The main advantage of the ML analyses is that one can inquire whether different dimensions contribute synergistically to categorical classification or if, alternatively, the different dimensions provide redundant information. To test for synergy, we implemented a predictive model using as input the entire 12-dimensional vector representation of the parameters. Results showed that only the discrimination of morality concepts was synergetic, reaching an F1 score of 0.82 when all features were combined which is a significant (p < 0.001) increase over the best individual features, which reach ~0.75 as shown in Figure 3 (Duration and Roughness). In contrast, the discrimination of logic concepts does not display feature synergy (p > 0.1), as the best classifier reaches 0.65, comparable with the best individual feature (Articulation and Lowest Note, see Figure 3).

Discussion

Here, we showed that despite individual variability in musical composition, musical improvisations can be used to accurately classify the valence of the word which triggers them and, to a lesser degree, also its semantic category.

Positive concepts are represented by music with regular and predictable structure, with low harmonic dissonance, low roughness and contained within a higher and comparatively narrower pitch range. Instead, articulation is the dimension with highest capacity to discriminate between logic and morality words. Logic words (regardless of valence) produce more staccato improvisations. Instead moral words, produce more legato improvisations, corresponding to more continuous music.

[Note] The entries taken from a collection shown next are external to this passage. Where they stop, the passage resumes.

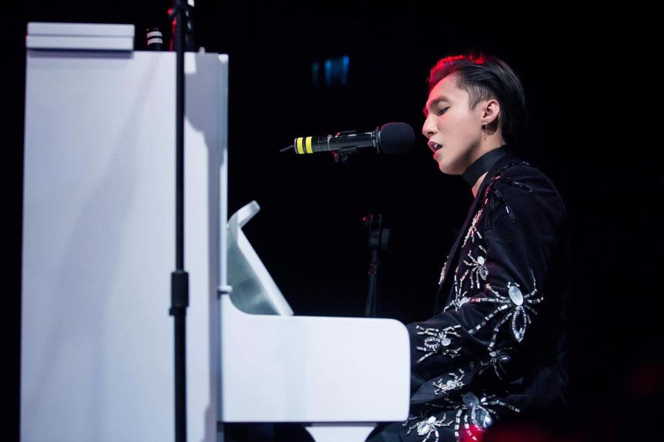 Nam ca sĩ còn trực tiếp đệm đàn cho tiết mục.
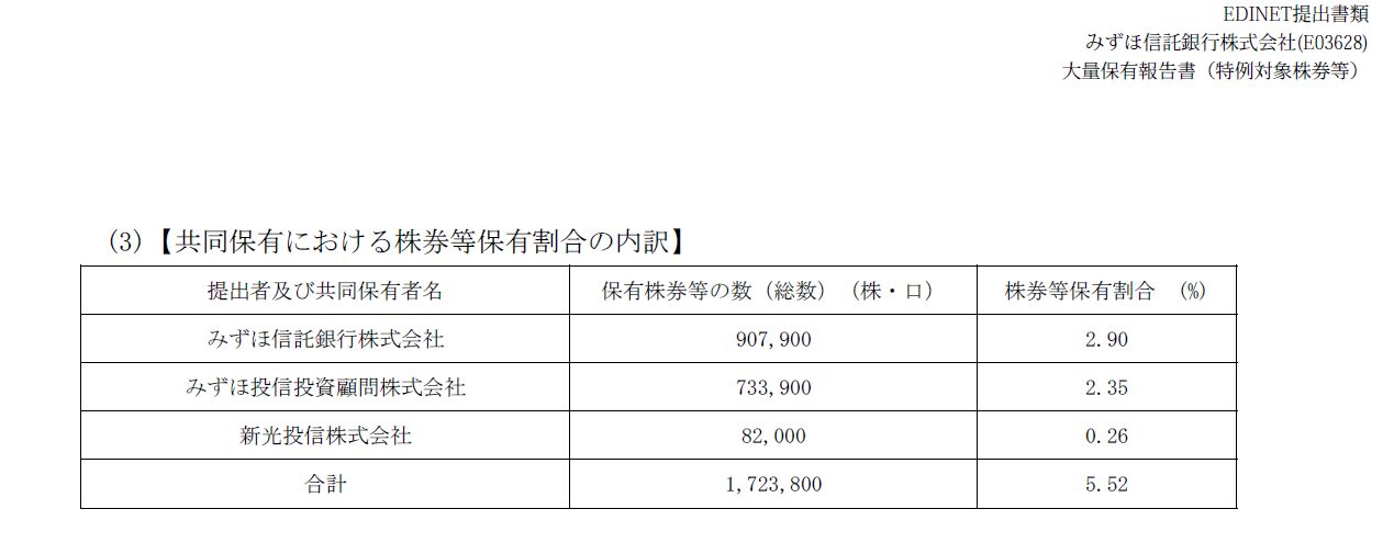 7月23日にみずほ信託銀行株式会社から、FPG(7148)株の大量保有報告書が提出された。 1,723,800株、3社で5.52%になる。みずほ銀行はFPGのメインバンクですから、一種の迂回投資でしょうか・・・。銀行系はちまちまと儲か... ...続きを読む
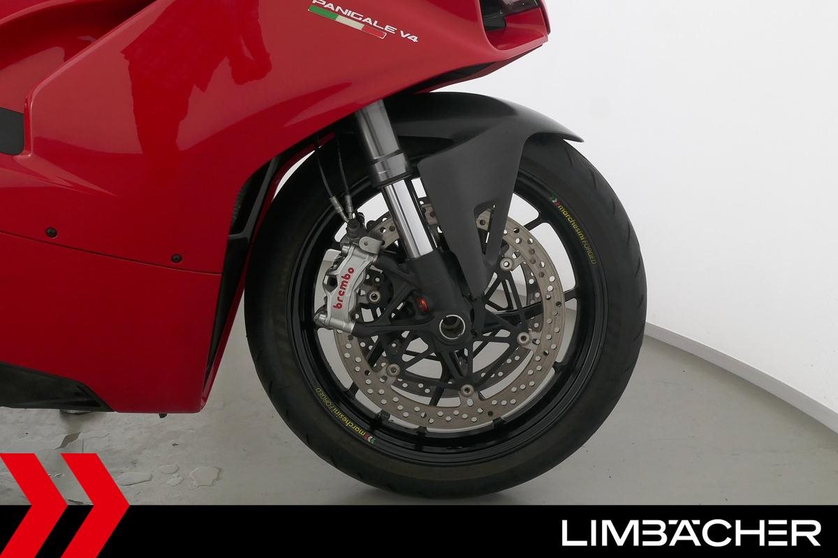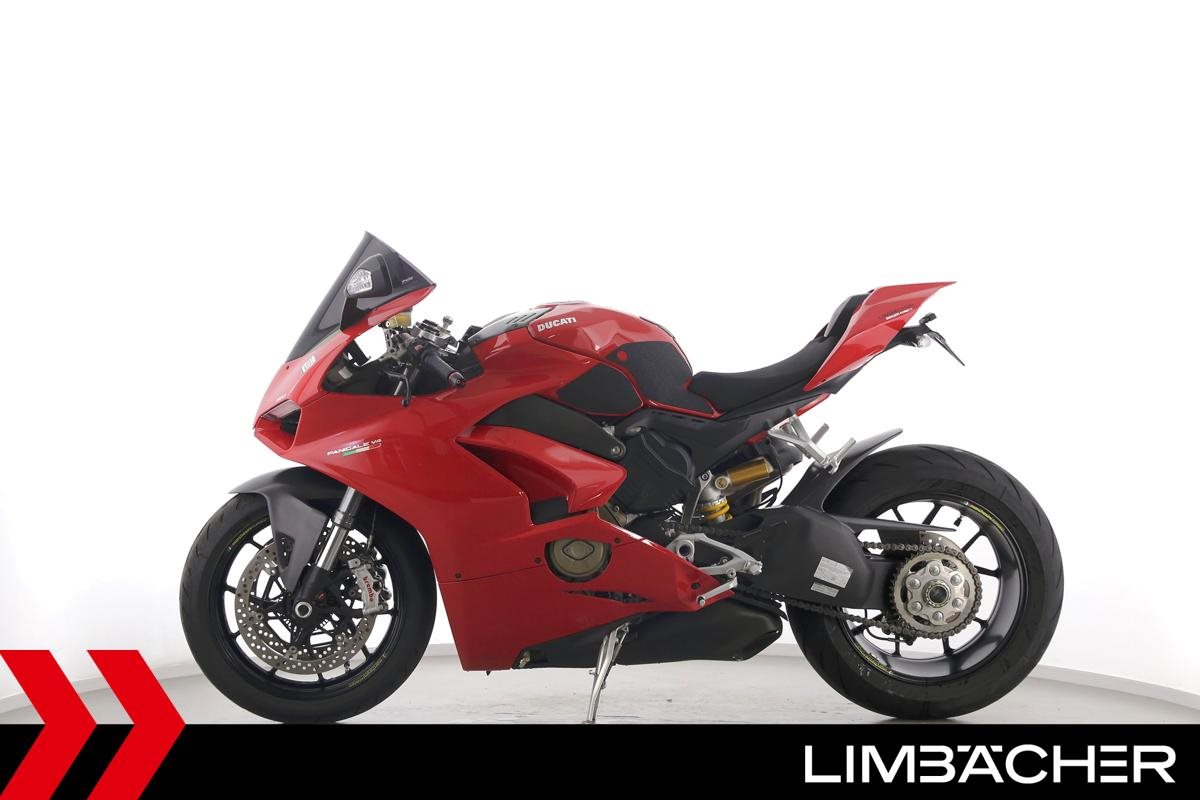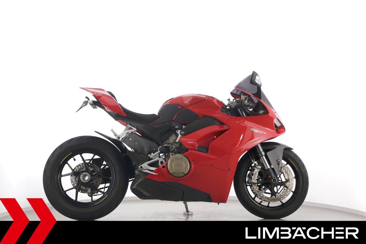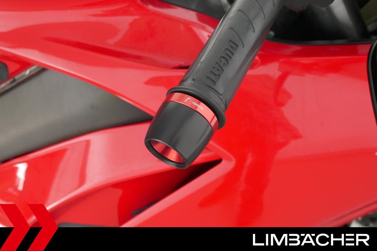 Eine scheckheftgepflegte Ducati Panigale V4 aus zweiter Hand in gepflegtem Zustand u.a. mit kurzem Kennzeichenhalter sowie Carbon-Front- und -Heckfender.

Our broad finding of a spontaneous associations of musical parameters to meaning fits well both with previous theoretical thinking of music and cognitive neuroscience studies in other domains of association.

Musicology

From a theoretical perspective, the observed correspondences between musical features and the morality and logic domains can be interpreted from the notion of “meaning” in a broad sense, as the reference of musical structures to something different from themselves (Nattiez and Abbate, 1990). More generally, musical information has been interpreted with reference to extra-musical concepts throughout history (Plato, 2002; Zbikowski, 2005). This view, for which we provide evidence in this manuscript, is in tension with a prominent belief in linguistics that rejects the notion that music can transfer specific semantic concepts (Mattheson and Lenneberg, 1958).

More specific to the semantic categories investigated here, concepts related to virtues and morality have been associated with music since Antiquity. From this historical and theoretical perspective it is more surprising that logic concepts, usually associated with abstract logical reasoning, are musically represented, even if this representation achieves less classification power.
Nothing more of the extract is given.